'''

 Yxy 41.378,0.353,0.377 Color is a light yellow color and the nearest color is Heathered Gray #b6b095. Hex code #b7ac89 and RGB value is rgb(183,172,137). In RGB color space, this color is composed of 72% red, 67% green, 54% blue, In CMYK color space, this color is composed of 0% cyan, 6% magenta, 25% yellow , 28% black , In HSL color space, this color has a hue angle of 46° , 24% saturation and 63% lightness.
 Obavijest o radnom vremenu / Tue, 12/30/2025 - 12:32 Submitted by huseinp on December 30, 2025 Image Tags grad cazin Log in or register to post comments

'''
'''

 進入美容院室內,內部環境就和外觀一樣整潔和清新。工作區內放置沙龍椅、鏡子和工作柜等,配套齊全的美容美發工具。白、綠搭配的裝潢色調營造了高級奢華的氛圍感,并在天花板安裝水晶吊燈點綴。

'''

Work required
Within the data above, the span starting at the line containing "Yxy 41.378,0.353,0.377 Color" and ending at the line containing "Obavijest o radnom" is to be retyped exactly, with no other lines.

Expected answer
 Yxy 41.378,0.353,0.377 Color is a light yellow color and the nearest color is Heathered Gray #b6b095. Hex code #b7ac89 and RGB value is rgb(183,172,137). In RGB color space, this color is composed of 72% red, 67% green, 54% blue, In CMYK color space, this color is composed of 0% cyan, 6% magenta, 25% yellow , 28% black , In HSL color space, this color has a hue angle of 46° , 24% saturation and 63% lightness.
 Obavijest o radnom vremenu / Tue, 12/30/2025 - 12:32 Submitted by huseinp on December 30, 2025 Image Tags grad cazin Log in or register to post comments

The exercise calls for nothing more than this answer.